[Records drawn from a dataset]
________________

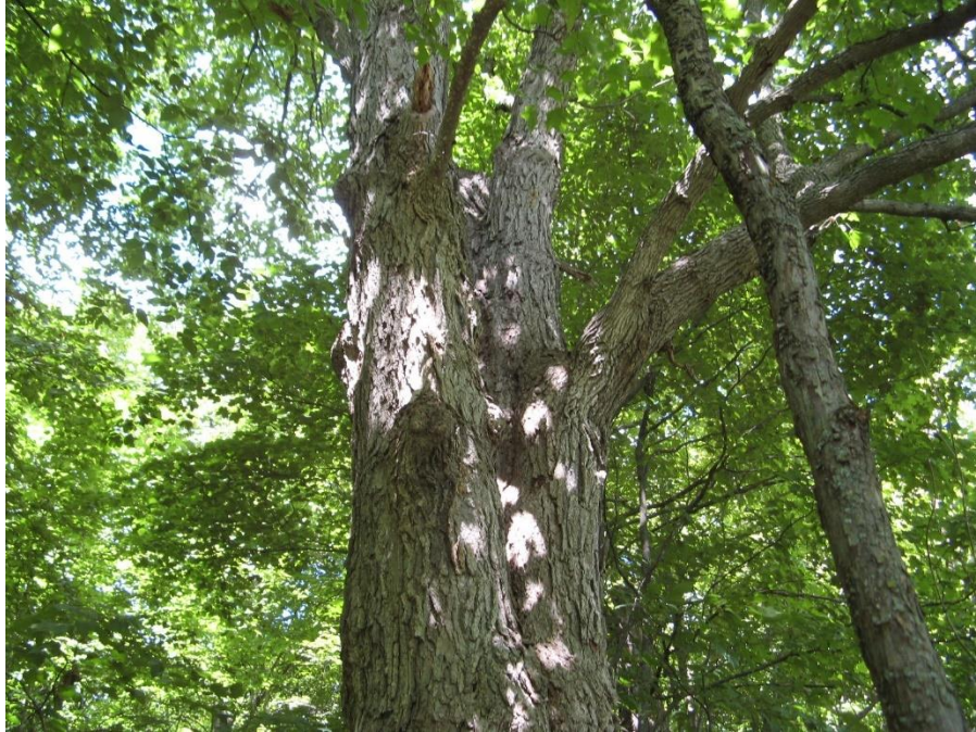
Photo 2 – Mature sugar maple along former fence line in the maple forest in the northwest portion of the site. View looking northeast
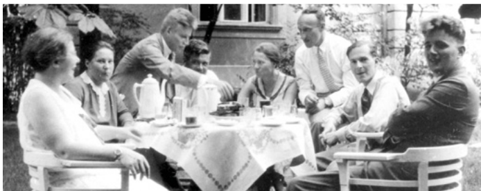
Campus life in the 1930s
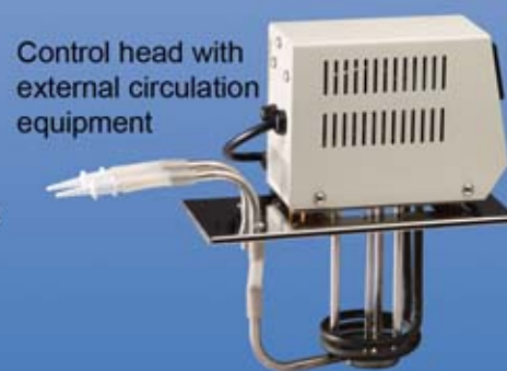
Control head with external circulation equipment
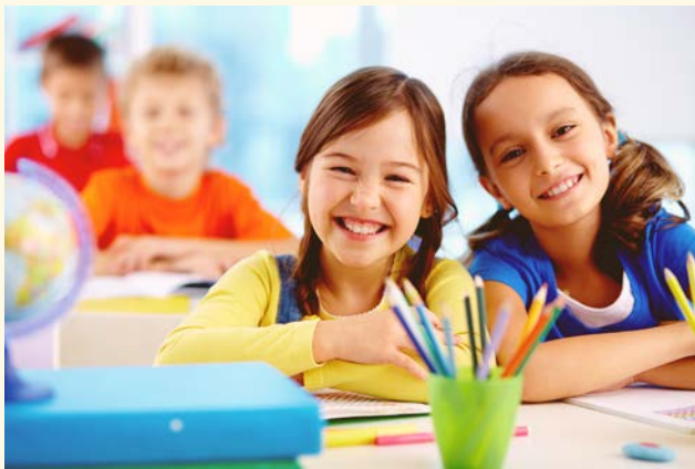
Primary school within walking distance
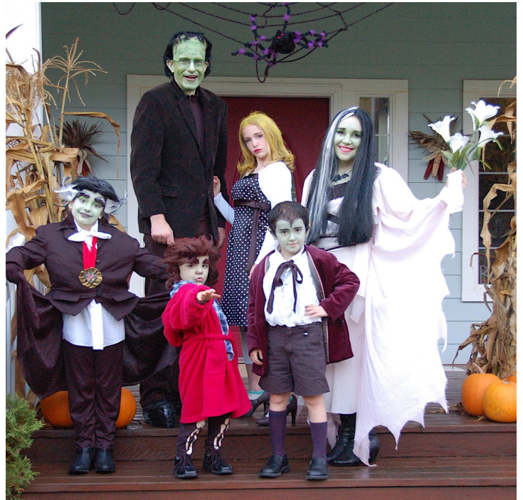
Put on your own spooky fashion show (and enter the Sausalito Shores costume contest) to liven up Halloween this year.

2. Learn a Halloween dance. This could be the big finale for your home video or play – or just a great way to get some exercise and laugh together as a family. Search YouTube for “monster mash dance,”
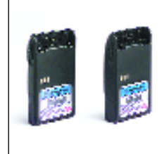
JMNN4023/4024 Slim & Hicap Li-Ion Batteries
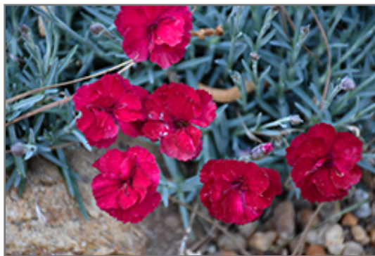
Frosty Fire Pinks flowers
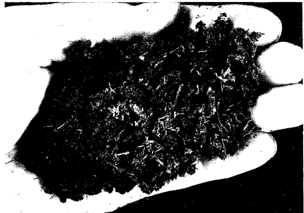
Figure 2. Organic soil (peat)

Organic soils consist mostly of decayed plant material (figure 2) and occur in swamps, bogs, and marshes. Such soils feel very light when dry. Well-decayed muck and peat are powdery when dry but partially decayed peat contains easily identified plant stems and leaves.
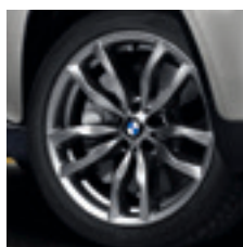
20" M Double-spoke style 435 M

Key ● = Standard ○ = Optional - = Not available Only with = these options must be ordered together Not with = these options are not available for ordering together BMW Winter Tyre Packages available on the BMW X6. Please contact your local BMW Dealer for more information.
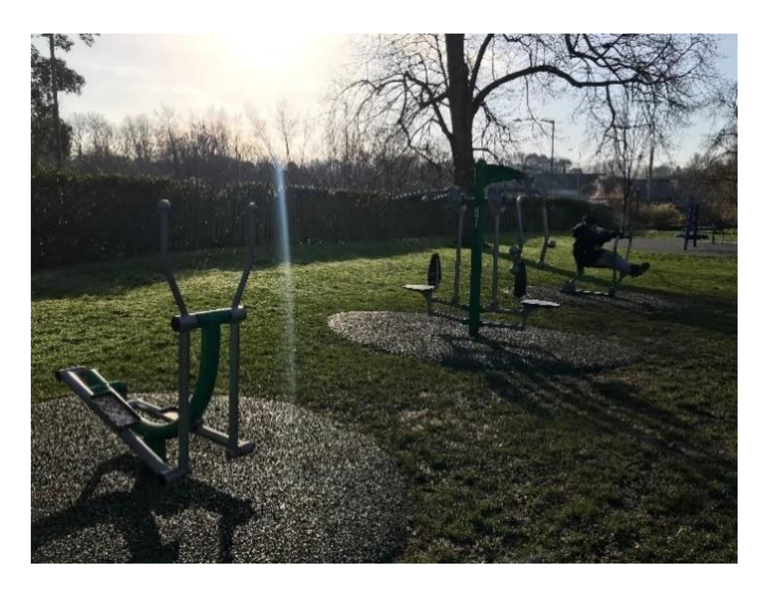
Outdoor gym equipment, January 2020.
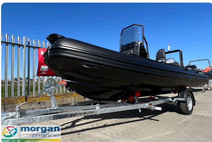
Highfield Patrol 500 aluminium RIB - under bow and hull
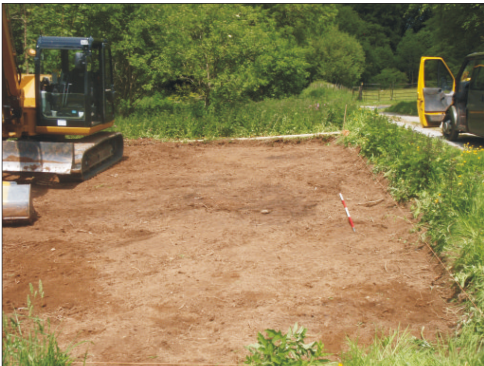
Pl. 4 General view of cut-and-fill area. 2m scale. Looking north.
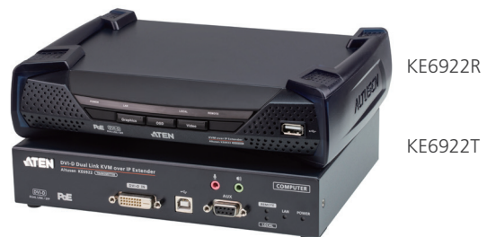
KE6922R / KE6922T Front View
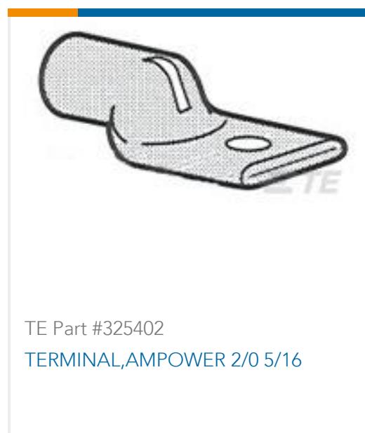
TE Part #325402 TERMINAL, AMPPOWER 2/0 5/16
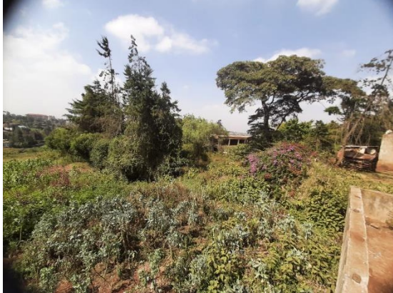
Rear side of the property
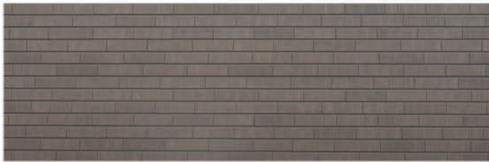
DRACO Dark Hickory ( Pantone 150-2-5 U )

________________

● **What is expected**
Your answer must be the lines above from the one holding "Organic soils consist" up to and including the one holding "style 435 M", exact and with no pictures.

● **Result below**
Organic soils consist mostly of decayed plant material (figure 2) and occur in swamps, bogs, and marshes. Such soils feel very light when dry. Well-decayed muck and peat are powdery when dry but partially decayed peat contains easily identified plant stems and leaves.
20" M Double-spoke style 435 M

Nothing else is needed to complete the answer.